--- START ---

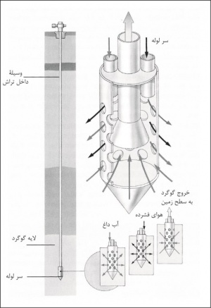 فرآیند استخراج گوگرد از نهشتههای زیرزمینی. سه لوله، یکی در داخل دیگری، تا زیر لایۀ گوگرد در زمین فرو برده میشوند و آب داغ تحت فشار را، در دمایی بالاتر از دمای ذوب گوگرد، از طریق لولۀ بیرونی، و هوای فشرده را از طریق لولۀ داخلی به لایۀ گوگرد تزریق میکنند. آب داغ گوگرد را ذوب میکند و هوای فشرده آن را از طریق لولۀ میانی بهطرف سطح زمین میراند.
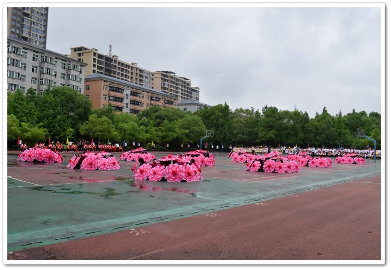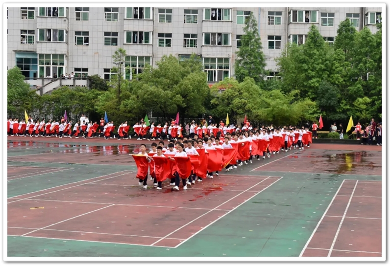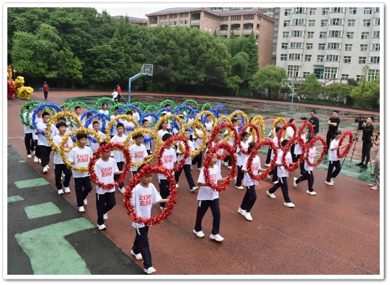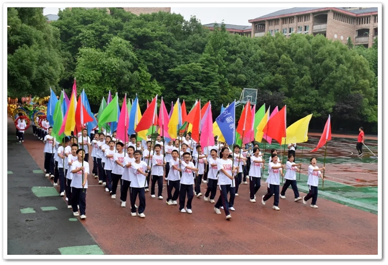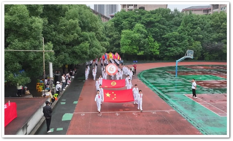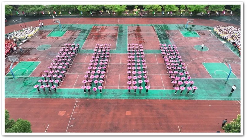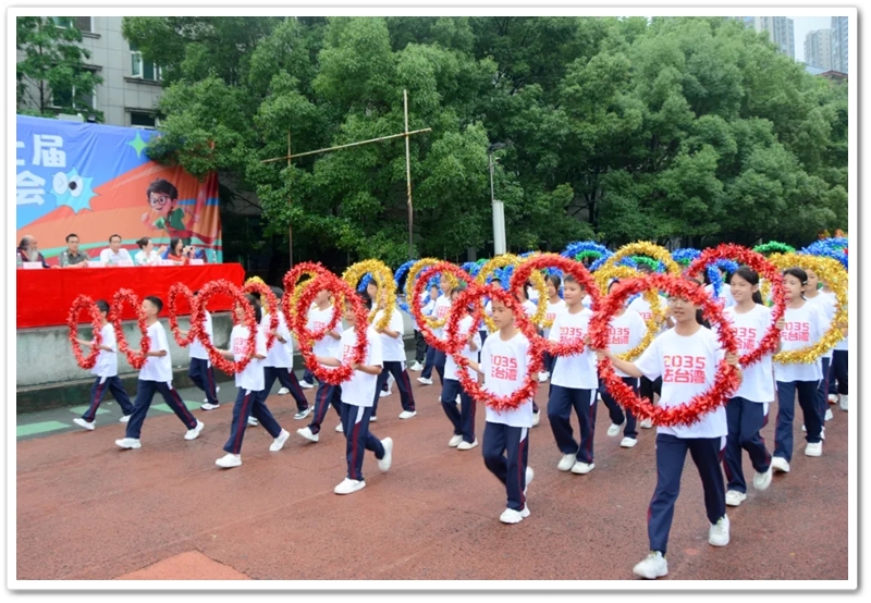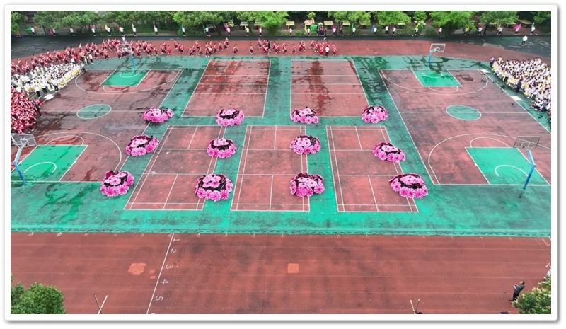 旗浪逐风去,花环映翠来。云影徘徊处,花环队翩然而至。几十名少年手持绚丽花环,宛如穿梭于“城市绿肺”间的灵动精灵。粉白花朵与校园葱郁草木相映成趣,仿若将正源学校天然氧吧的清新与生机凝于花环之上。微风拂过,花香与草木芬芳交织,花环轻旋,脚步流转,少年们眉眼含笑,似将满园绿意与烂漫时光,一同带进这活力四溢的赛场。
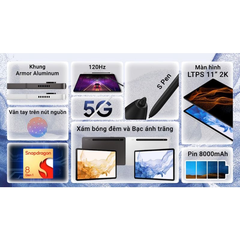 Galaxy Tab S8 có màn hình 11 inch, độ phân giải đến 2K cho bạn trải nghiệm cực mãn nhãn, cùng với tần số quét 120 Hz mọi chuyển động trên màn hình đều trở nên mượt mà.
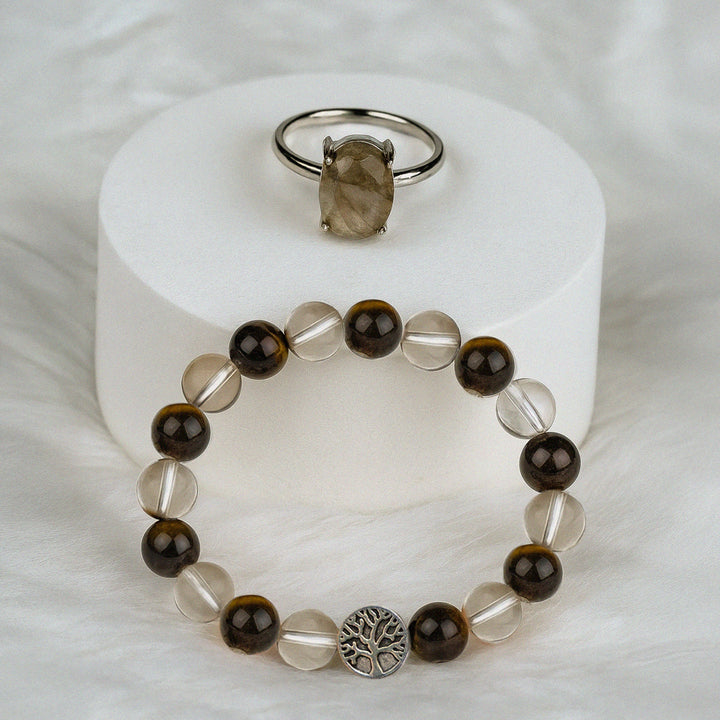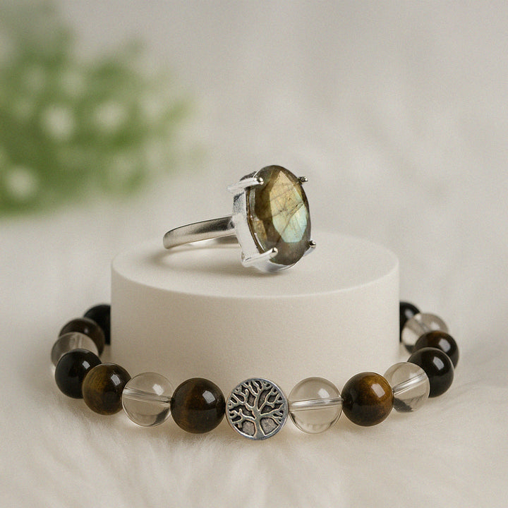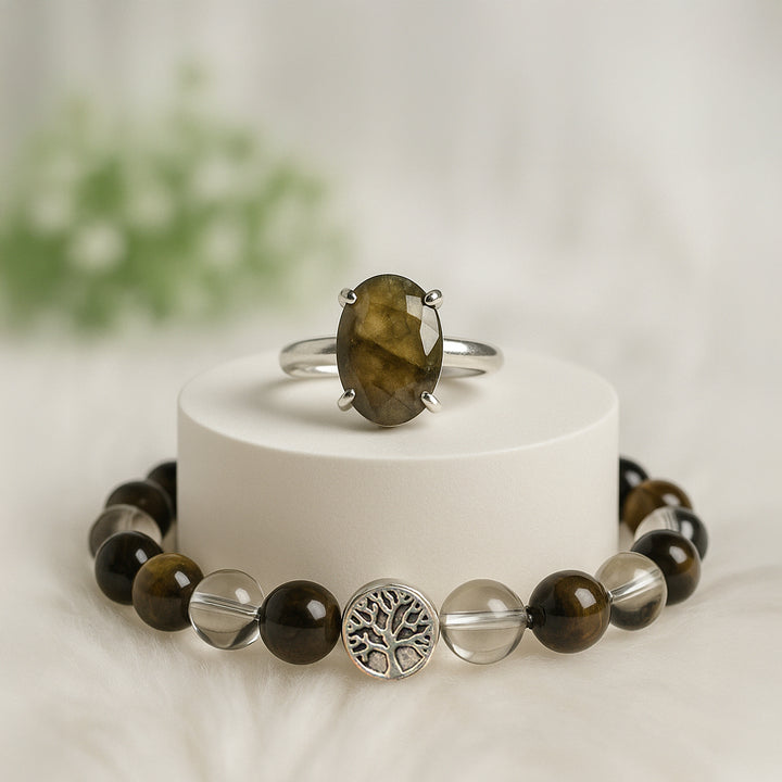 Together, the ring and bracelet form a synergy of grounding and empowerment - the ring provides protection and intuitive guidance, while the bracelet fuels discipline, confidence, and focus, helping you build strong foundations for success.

--- END ---

What to produce: Would you output the full listing exactly as it stands, minus the images?

Answer space:
 فرآیند استخراج گوگرد از نهشتههای زیرزمینی. سه لوله، یکی در داخل دیگری، تا زیر لایۀ گوگرد در زمین فرو برده میشوند و آب داغ تحت فشار را، در دمایی بالاتر از دمای ذوب گوگرد، از طریق لولۀ بیرونی، و هوای فشرده را از طریق لولۀ داخلی به لایۀ گوگرد تزریق میکنند. آب داغ گوگرد را ذوب میکند و هوای فشرده آن را از طریق لولۀ میانی بهطرف سطح زمین میراند.
 旗浪逐风去,花环映翠来。云影徘徊处,花环队翩然而至。几十名少年手持绚丽花环,宛如穿梭于“城市绿肺”间的灵动精灵。粉白花朵与校园葱郁草木相映成趣,仿若将正源学校天然氧吧的清新与生机凝于花环之上。微风拂过,花香与草木芬芳交织,花环轻旋,脚步流转,少年们眉眼含笑,似将满园绿意与烂漫时光,一同带进这活力四溢的赛场。
 Galaxy Tab S8 có màn hình 11 inch, độ phân giải đến 2K cho bạn trải nghiệm cực mãn nhãn, cùng với tần số quét 120 Hz mọi chuyển động trên màn hình đều trở nên mượt mà.
 Together, the ring and bracelet form a synergy of grounding and empowerment - the ring provides protection and intuitive guidance, while the bracelet fuels discipline, confidence, and focus, helping you build strong foundations for success.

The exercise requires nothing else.